[INFORMATION Boundary: Start]

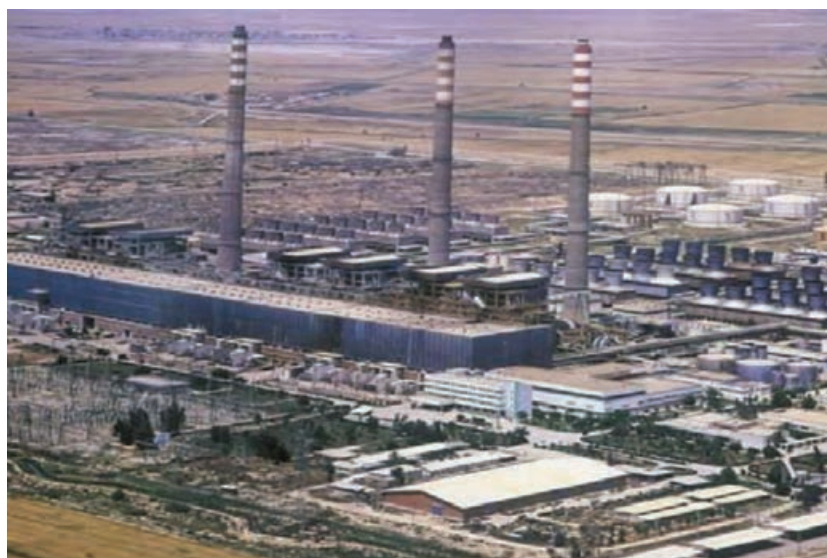
شکل ۵-۶- نمایی از توسعه نیروگاه حرارتی رامین اهواز
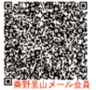
秦野里山メール会員

QRコードを読み込む、またはsinrin@city.hadano.kanagawa.jp宛てに、「里山メール登録希望」と題し、「氏名(必須)」「住所(任意)」「連絡先(任意)」を記載し、メールを送信してください。
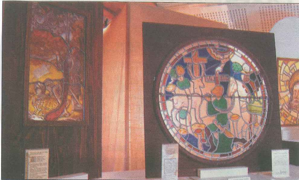
Des vitraux de tous styles et des bijoux sont en expo-vente.

VITRAUX ET BIJOUX sont en exposition-vente à l'office du tourisme de Houdan jusqu'au 18 septembre.
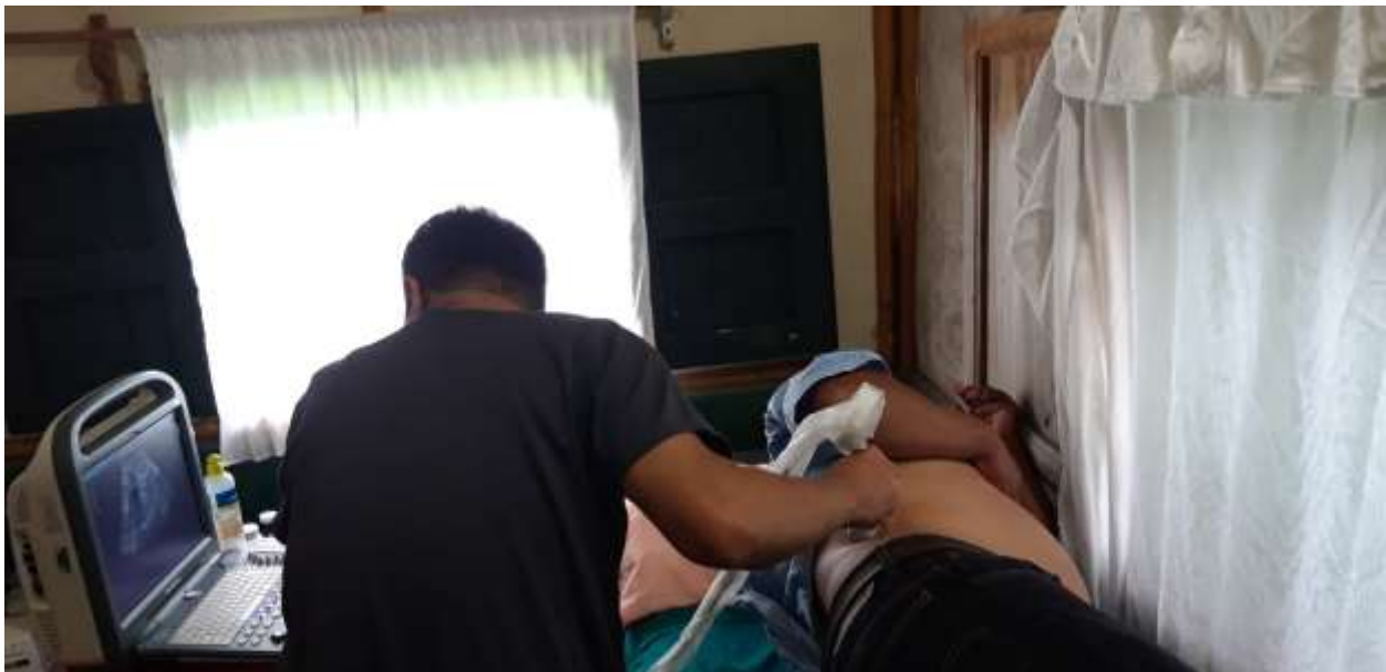
Jornadas de Ultrasonidos de órganos internos.
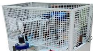
3 – Degelijke omkasting

De RP FL 3 is een inrolmachine voor het aanbrengen van beschermende folie op 3 zijdes van aluminium profielen. Het profiel wordt automatisch ingevoerd middels een dual aandrijfsysteem voor een low-speed invoer van de profielen. Een sensor detecteert in- en uitvoer van het profiel en snijdt automatisch het folie af aan het einde van het profiel, de positionering en doorvoer gebeurt volledig automatisch. De machine kenmerkt zich door de eenvoudige bediening en de hoge kwaliteit.

[INFORMATION Boundary: End]

PROBLEM TO WORK ON: Set down exactly, and only, the lines from the one containing "Jornadas de Ultrasonidos de órganos internos." through the last line of the entries. Pictures do not belong in the copy.

RESULT:
Jornadas de Ultrasonidos de órganos internos.
3 – Degelijke omkasting

De RP FL 3 is een inrolmachine voor het aanbrengen van beschermende folie op 3 zijdes van aluminium profielen. Het profiel wordt automatisch ingevoerd middels een dual aandrijfsysteem voor een low-speed invoer van de profielen. Een sensor detecteert in- en uitvoer van het profiel en snijdt automatisch het folie af aan het einde van het profiel, de positionering en doorvoer gebeurt volledig automatisch. De machine kenmerkt zich door de eenvoudige bediening en de hoge kwaliteit.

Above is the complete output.